▸ **What to do**: Quote only the lines that start at the line with "2. Inserte los" and run to the end of the entries; omit the pictures.

Start of Block

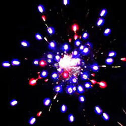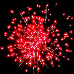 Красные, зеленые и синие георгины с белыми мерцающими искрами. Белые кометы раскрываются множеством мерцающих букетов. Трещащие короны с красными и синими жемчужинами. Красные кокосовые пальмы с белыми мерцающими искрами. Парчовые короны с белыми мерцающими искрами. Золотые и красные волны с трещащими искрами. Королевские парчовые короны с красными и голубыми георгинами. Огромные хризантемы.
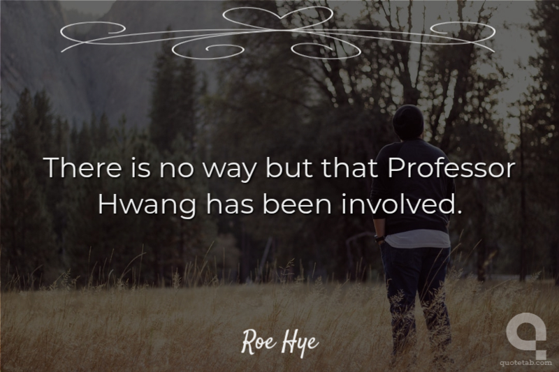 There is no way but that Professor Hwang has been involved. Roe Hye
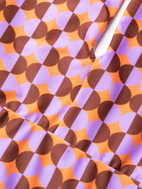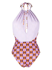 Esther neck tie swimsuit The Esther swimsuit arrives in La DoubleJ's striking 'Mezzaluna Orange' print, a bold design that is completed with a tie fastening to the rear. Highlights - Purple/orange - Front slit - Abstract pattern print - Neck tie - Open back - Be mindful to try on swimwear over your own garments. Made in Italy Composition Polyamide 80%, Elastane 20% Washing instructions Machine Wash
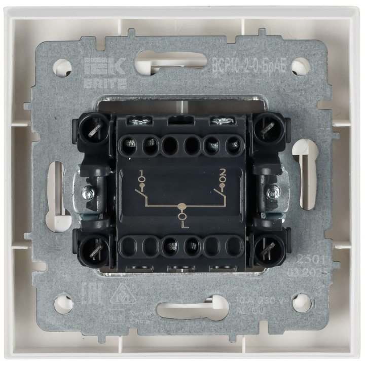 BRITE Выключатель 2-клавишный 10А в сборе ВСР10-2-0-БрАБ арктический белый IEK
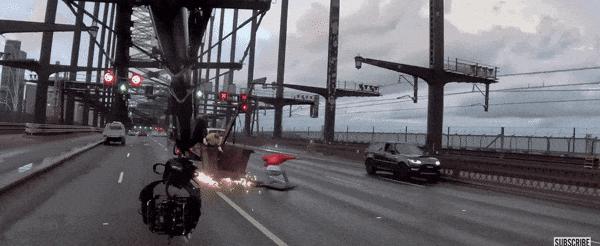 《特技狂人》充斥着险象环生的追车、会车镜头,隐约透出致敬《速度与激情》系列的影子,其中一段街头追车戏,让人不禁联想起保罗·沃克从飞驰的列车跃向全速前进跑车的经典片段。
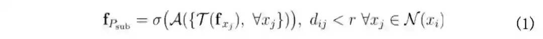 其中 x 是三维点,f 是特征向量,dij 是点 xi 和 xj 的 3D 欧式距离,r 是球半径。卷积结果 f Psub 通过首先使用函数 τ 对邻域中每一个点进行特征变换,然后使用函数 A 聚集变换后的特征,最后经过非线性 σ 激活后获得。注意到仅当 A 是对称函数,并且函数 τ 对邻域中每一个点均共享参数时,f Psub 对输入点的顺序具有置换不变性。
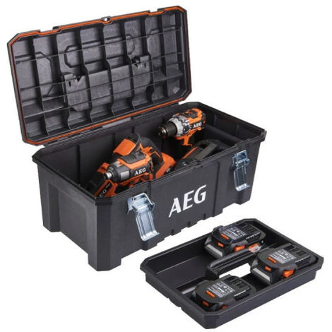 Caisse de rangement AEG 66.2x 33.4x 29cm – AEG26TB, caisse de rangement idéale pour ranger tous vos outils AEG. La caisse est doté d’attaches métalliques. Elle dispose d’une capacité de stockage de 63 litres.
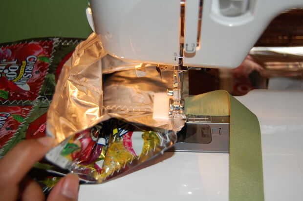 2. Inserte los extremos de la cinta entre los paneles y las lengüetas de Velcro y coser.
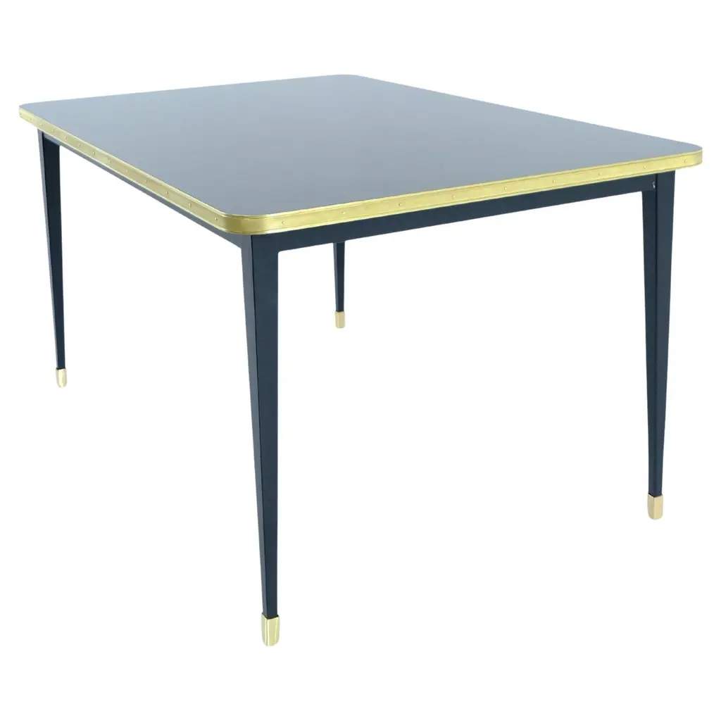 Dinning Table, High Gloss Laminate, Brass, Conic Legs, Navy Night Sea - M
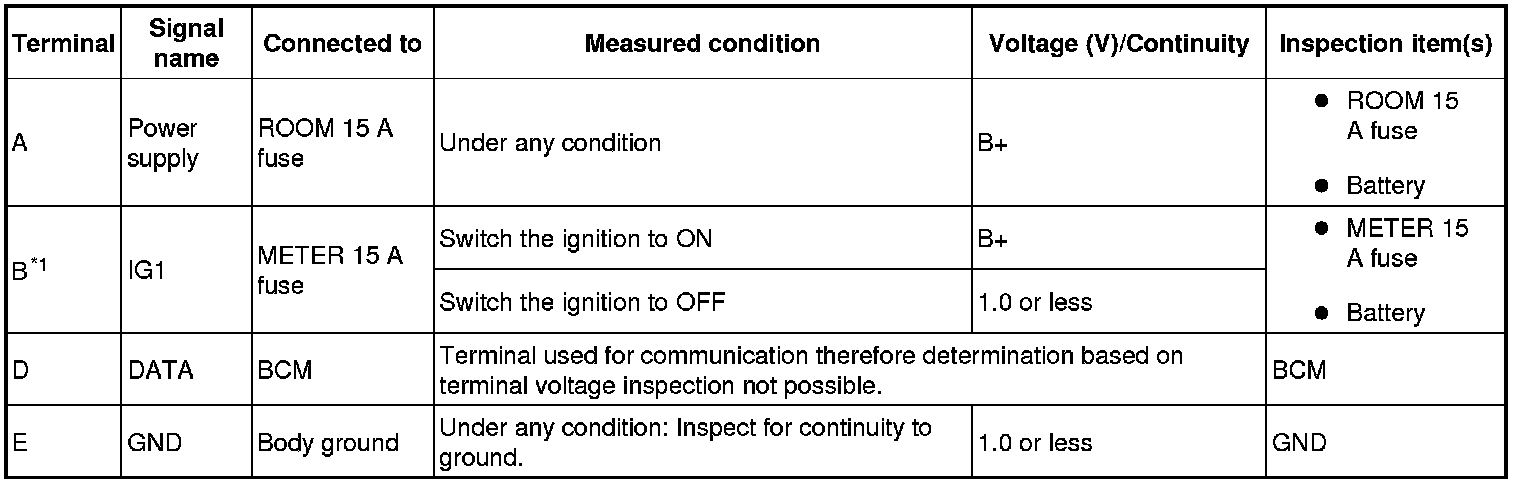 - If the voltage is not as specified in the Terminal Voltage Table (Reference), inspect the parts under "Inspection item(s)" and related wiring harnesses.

End of Block

▸ **Result of this exercise**:
 2. Inserte los extremos de la cinta entre los paneles y las lengüetas de Velcro y coser.
 Dinning Table, High Gloss Laminate, Brass, Conic Legs, Navy Night Sea - M
 - If the voltage is not as specified in the Terminal Voltage Table (Reference), inspect the parts under "Inspection item(s)" and related wiring harnesses.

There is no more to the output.